Jeroen Roelofs portrait
Associate Professor, Biochemistry and Molecular Biology
jroelofs@kumc.edu

Professional Background

University of Wageningen, Wageningen, The Netherlands, Master degree in Molecular Sciences, 1996
University of Groningen, The Netherlands, PhD degree, Summa cum Laude, 2003
Harvard Medical School, Boston, MA, Postdoctoral Research Fellow, 2001-2009
Kansas State University, Manhattan, KS, Assistant Professor, 2009-2016
Kansas State University, Manhattan, KS, Associate Professor, 2016-2019
University of Kansas Medical Center, Kansas City, KS, Associate Professor, 2019-present

Interests: Protein degradation in the cell. Biochemical and cell biological analyses of assembly, regulation, and localization of proteasomes and their autophagic degradation.

Education and Training
  • MS, Molecular Sciences, University of Wageningen, Wageningen, Netherlands
  • PhD, Biochemistry, University of Groningen, Groningen, Netherlands
  • Post Doctoral Fellowship, Biochemistry / Cell Biology, Harvard Medical School, Boston, MA
  • Post Doctoral Fellowship, Biochemistry / Cell Biology, Harvard Medical School - EMBO long term fellowship, Boston, MA

Research

Overview

Research Interests

The Roelofs Lab is fascinated by the proteasome, a large and abundant 66-subunit protein complex. As one of the cell's major degradation machines, proteasomes play an important role in cellular processes where the timely and coordinated turnover of proteins is required, such as the cell cycle and DNA repair. As a regulator of such cellular processes, the proteasome is associated with various cancers; inhibitors of the proteasome are, for example, FDA-approved drugs used in the treatment of multiple myelomas. The proteasome is also important for general protein homeostasis and quality control of proteins (proteostasis). This is important with respect to neurodegenerative diseases characterized by toxic protein accumulation, like the Alzheimer's disease (AD), Parkinson's disease (PD), and amyotrophic lateral sclerosis (ALS).

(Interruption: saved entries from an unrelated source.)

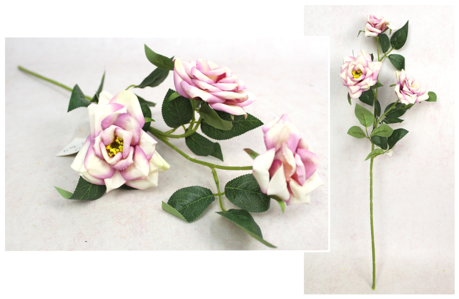 Kwiat RÓŻA wys. 55 cm (3 główki 7-9 cm) - RÓŻOWO-KREMOWY
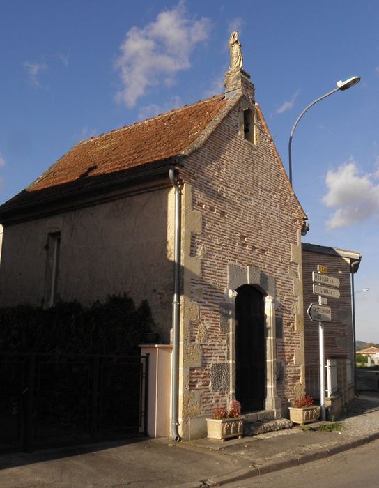 Chapelle élevée en 1749 dans le bourg, conformément au voeu des villageois confrontés à une épizootie. Elle abrite une statue de la Vierge à l'Enfant en bois polychrome du 18e siècle. Ce petit édifice en brique, de plan carré, est surmonté d'un toit à deux pans. La porte d'entrée est ménagée dans le pignon. Cantonnée de deux pilastres à chapiteaux, elle est surmontée d'un arc en pierre composé de deux sommiers et d'une clé saillante. La partie haute du pignon est percée d'une petite arcade abritant une cloche.
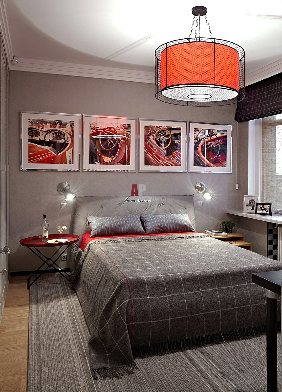 Отдельно в квартире выделена спальня. Она выполнена в общей серой гамме с насыщенными красными акцентами. На стене за изголовьем кровати – коллекционные фотографии, привезенные архитектором из Парижа. Кровать, Pianca.

Our lab is particularly interested in the "life cycle" of the proteasome itself. Proteasomes consist of 66 individual polypeptides which are assembled in a precise temporal and spatial manner to form an intricate and complex molecular machine. Here, we aim to understand the mechanisms that ten proteasome-specific chaperones use to guide and regulate this assembly process. Furthermore, we are interested in understanding how the cell monitors correct assembly of this complex. We have identified a protein that acts as a quality control factor for proper assembly, but the molecular mechanisms that govern proteasome quality control remain poorly understood. Finally, we found that proteasomes themselves can be degraded or stored for future use. Proteasomes, normally abundant in the nucleus, can be exported to the cytosol and targeted to storage granules or turned over by targeting them for autophagic degradation in the lysosome/vacuole. These processes are induced under certain environmental conditions and depend on the state of the complex.

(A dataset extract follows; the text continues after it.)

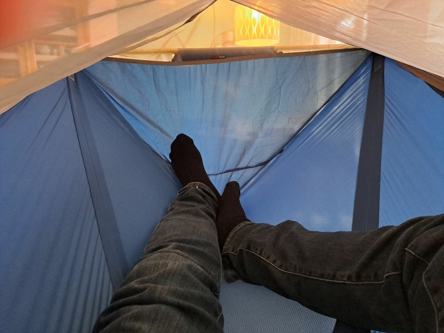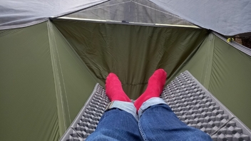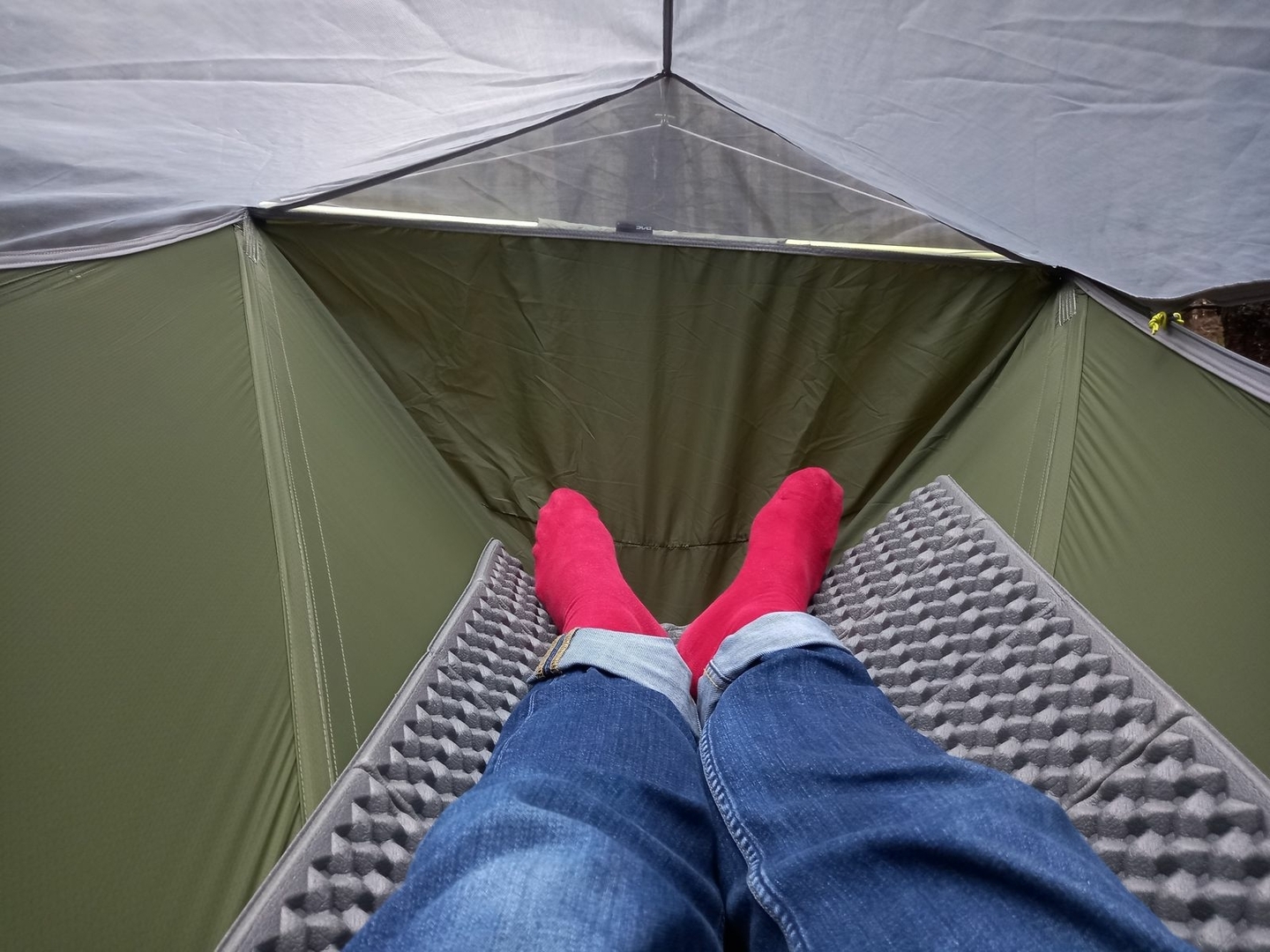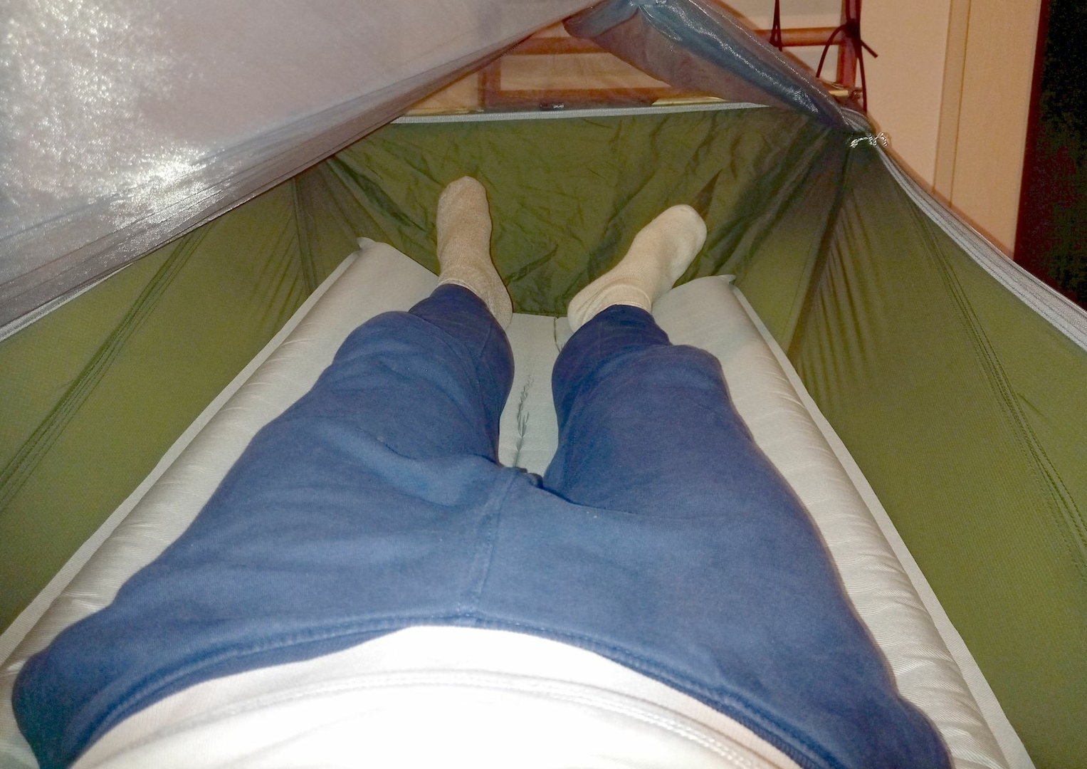 Ich bin eher Seitenschläfe und kann in der Skylite mit den Oberschenkeln im rechten Winkel zum Oberkörper liegen. Dafür ist aber eine Isomatte ab einer Breite von 60cm nötig. Wenn die Isomatte dazu dicker ist, wie z.B. meine Xtherm, dann kommen die Knien nicht an die Wände.
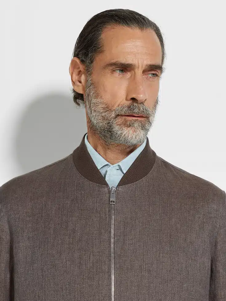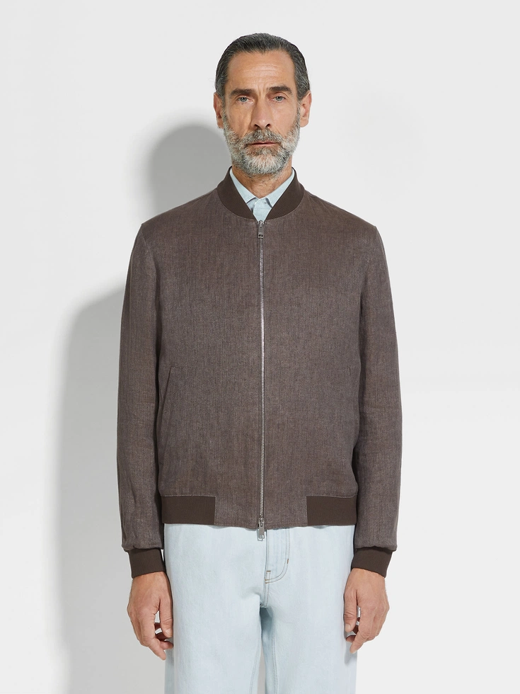Crafted from our exclusive Oasi Lino, this dark taupe pure linen bomber simultaneously embodies Zegna’s vision of elevated leisurewear and sustainable luxury. Lined in silk-cotton, its timeless silhouette is edged with classic ribbed trims.

Our goal is to identify factors that control the nuclear export of proteasomes or regulate the subsequent targeting of the proteasomes. For degradation, it depends on autophagic machinery to deliver proteasomes to lysosomes, while no clear mechanism for the formation and targeting to proteasome storage granules is known. We use a variety of biochemical and cell biological approaches in yeast and mammalian cells to address these questions.